• Indek Kinerja Utama Kampus

    By Duta Academy  21 Desember 2023 Artikel  381
    image

    Pergerakan zaman yang dinamis menuntut kampus untuk dapat menyesuaikan dengan era yang sedang berjalan. Pada kurikulum merdeka telah terjadi perubahan mengenai indek kinerja utama dari kampus. Salah satu hal yang banyak disoroti adalah seberapa banyak jumlah mahasiswa yang dalam waktu tertentu sudah mendapatkan pekerjaan yang layak.

    Akhirnya kampus membuat tracer study pada lulusannya. Tracer study tersebut berupa survey terhadap alumni yang baru lulus, apakah sudah mendapatkan pekerjaan atau belum, bekerja dibidang apa dan sebagainya. Hal ini adalah sebuah kemajuan bagi pendidikan di Indonesia, paling tidak kampus lebih perduli dan bertanggungjawab atas lulusannya. Jangan sebuah jurusan dibuka yang penting kampus profit, namun kampus lebih mengedepankan apakah jurusan ini dibutuhkan didunia industri atau tidak.
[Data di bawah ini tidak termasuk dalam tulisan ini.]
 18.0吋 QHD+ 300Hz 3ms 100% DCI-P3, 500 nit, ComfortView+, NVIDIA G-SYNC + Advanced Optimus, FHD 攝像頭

    Pada umumnya dunia industri lebih membutuhkan karyawan yang memiliki skill daripada melihat IPK dari mahasiswa yang melamar. IPK hanya sebagai tambahan referensi mengenai logika dari mahasiswa tersebut, serta keuletan bidang-bidang yang disukai mahasiswa apakah cocok dengan lowongan kerja yang dibuka. Singkatnya HRD perusahaan akan melihat nilai-nilai tertentu dari IPK pelamar, sebagai pertimbangan tambahan saja bukan yang utama. Sedangkan yang utama adalah skill dari pelamar tersebut.

    Ketika sebuah perusahaan membutuhkan programmer web, maka perusahaan tersebut akan memilih pelamar yang nyata-nyata bisa coding membuat program langsung berbasis web, daripada pelamar yang IPK nya besar namun, ketika diuji secara langsung belum bisa membuat program berbasis web. Perusahaan akan menguji secara langsung, apakah pelamar ini bisa coding dan diuji ketika suatu web trouble apakah pelamar langsung bisa membetulkan untuk mengatasi trouble tersebut.
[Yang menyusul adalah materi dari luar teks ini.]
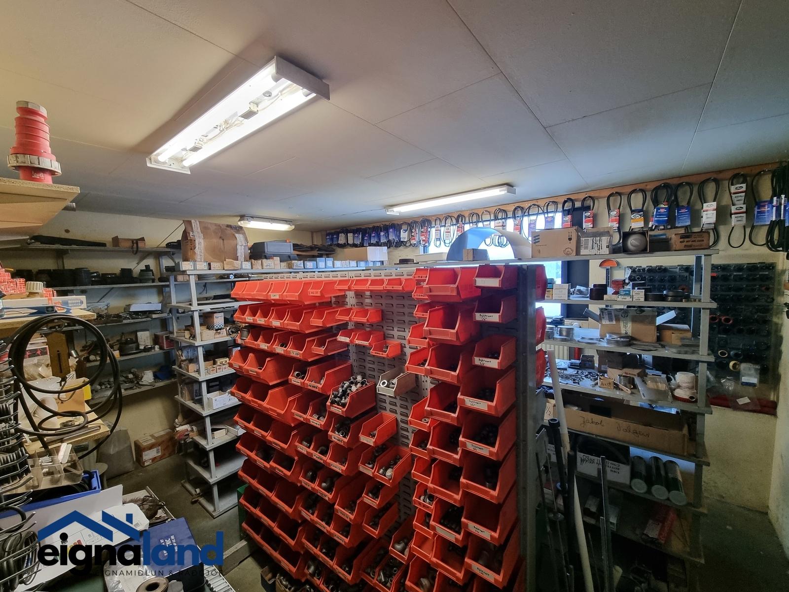 Að innan: Á neðri hæðinni er aðalsalur með mikilli lofthæð og stórri innkeyrsluhurð. Einnig er rými fyrir lager og hreinlætisaðstaða. Á efri hæðinni er skrifstofa og kaffistofa ásamt lager rými.

    Berbeda dengan tes yang ada dikampus yang sifatnya statis, dan belum mengarah ke case khusus. Mungkin sudah ada beberapa kampus yang bagus dengan tugas berupa project. Namun masih ada kelemahan dimana project tersebut memiliki jeda waktu sehingga masih memungkinkan project dikerjakan orang lain. Saat ini masih banyak mahasiswa yang menyewa jasa layanan skripsi, sehingga baik project maupun tulisan skripsi dibuat oleh orang lain, dimana mahasiswa hanya menghafalkan hasilnya saja. Hal ini perlu kita akui memang ada, agar kita bisa benahi bersama bagaimana pendidikan yang seharusnya, sehingga menghasilkan output yang lebih baik lagi.

    Dari tingkat persainganpun jauh berbeda. Di kampus dari 100 mahasiswa maka tingkat kelulusannya 99% atau 99 orang, bahkan 100%. Berbeda dengan tes perusahaan dimana ada 100 pelamar, sedangkan lowongan yang tersedia hanya untuk 5 orang, sehingga perusahaan meloloskan 5 orang yang terbaik saja. Namun jika diantara 100 orang hanya 1 orang yang memiliki skill yang cocok maka perusahaan hanya menerima 1 orang tersebut.

    Hal ini tentu menjadi tantangan sendiri bagi kampus. Sehingga dengan adanya program magang ke perusahaan tentunya hal ini sangat membantu mahasiswa mendapatkan skill dari lapangan kerja yang sesungguhnya. Kampus juga membutuhkan dosen sekaligus praktisi dalam dunia kerja, sehingga bisa mengajarkan kondisi nyata di lapangan kerja. Bisa memberikan contoh kasus real, bukan hanya teori semata. Banyaknya lulusan sarjana yang menganggur, itu adalah output dari kampus juga. Sehingga hal ini harus kita benahi bersama, bukan cuman tanggungjawab pemerintah, namun juga kampus serta insan pendidik lainnya agar pendidikan di Indonesia lebih berkualitas dan align terhadap apa yang dibutuhkan oleh dunia industri.